Seventh dance, Thierry Raynal, Impasse Capdenac, Marseille. His forehead beaded with Saigon sweat, the doctor walks the floor askew due to his feverish, uneven steps. He holds his head, hot as a boiling pot, between his neat hands and points a single eye toward this elegant troubling beauty. "Another angel passes!" he thinks. The walls echo the roar of the port and its cranes creak with animosity. We see them so close by the bay window, like surveillance cameras that would lose their heads while turning. An ageless woman, Gaby, brings Christine into the salon. A slob stuck with bed bugs in the place of eyes; once the camera seems to limp, she is seasick. Since Eisenstein, the Russian formalists or the German Expressionists, nobody had obliquely tilted the camera this way... Welles will use the same technique. Meanwhile, Caligari is on cannebière and it has its effect! While he is preparing his needles and compresses to treat her, she speaks of friendship. Who is this woman? His white ventriloquist chicken eye tries to decipher under the brim of her felt hat and then they sit on a sofa, to let us catch our breath.

(For a scene that begins as demented as this, kindly refer to the eruption of Klaus Kinski, aka Karl-Heinz Zimmer in That Important Thing Love (1975), when he tumbles down the spiral staircase of the Hotel Beaux Arts and drying his hair to the sound of the sublime "Derisory Ballade" by Georges Delerue).
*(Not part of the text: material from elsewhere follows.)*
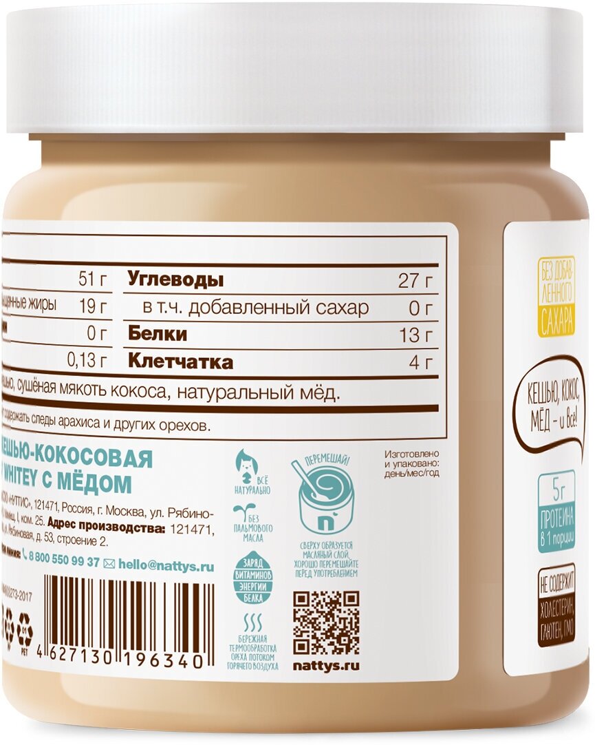 Паста кешью-кокосовая Nattys® Whitey с мёдом 525 гр информация:

"Ah, I've got it!" says Thierry. You were under my care once in Saigon, yes, but I seem to remember that everything went well? So? (...) Oh, well, enough riddles! I saw white, black, red, yellow faces... So madam, you understand! What do you want? Who are you?" Our Ferdinand Bardamu with the double-breasted jacket, then tries to calm his nerves and figure it out… She gives him hints like "youth" and "studies," talks to him about dancing... it then it hits him- he remembers. Immediately, he is self-conscious about the disgrace of his lost eye. He tells a tale of helping a Negro, deep in the bush, to which she gasps, "My poor friend!" And, acting like a wounded animal, he's found a way to tenderness. "Friend." "Friendship." These words are like a warm shower to him, a gesture of affection. Without vacillating, he regains hope, and takes her hands. Just an ember glow at the bottom of an extinct stove: "All I need is a tiny bit friendship!" He keeps checking at the end of each sentence to locate the shrew moving around in the kitchen that seems to have brought out old wickedness. Thierry has finally regained some self-esteem in this filthy furnished apartment. "A little friendship...  yes, merely lost! Voilà! Could we perhaps see each other from time to time? - Of course - Write to one another! - Yes, often! - I don't know, perhaps read the same books! Ah, if only I were not so sad!" Rejuvenated, he insists she stay for lunch. As he goes to serve her wine, his hand shaking, he knocks the bottle over, and "malaria" is invited to the table. His sudden fit of madness makes him stagger in the salon like a dragnet swept out by storm. Gaby chases Christine out. It's over. Gaby says, "I'd give you hell, you and your damn childhood girlfriends!" The doctor is reduced to a huge, panting wreck. Hitting rock bottom in humiliation, he locks his prey inside the room. The croaking of the cranes eerily starts up again; the harbor whistles like the lid of a pressure cooker ready to fly open. He clings to his desk drawer, pulls out a pistol and loads it, shaking. Gaby becomes nothing but a screaming parrot in a cage that scrambles and bumps herself all over the apartment in a panic. He walks toward her, this time determined to put an end to the chaos. Cut. This segment of the film, watched one childhood evening (during the essential Au cinéma ce soir by Armand Panigel, every Thursday night, on the first television channel), turned out to be my own personal Fright Night!

It has been said that Duvivier does not make films, he makes dreams like nightmares. "Dance Program is like two dreams that collide: one from the past that she experienced in her youth with these men, and this nightmare of what they have become: living ghosts of those she knew long ago, like a dead dream."

"Genius is a word, the cinema is a profession," said Julien Duvivier. He is, however, a genius, who was always held in high esteem, including by Orson Welles himself.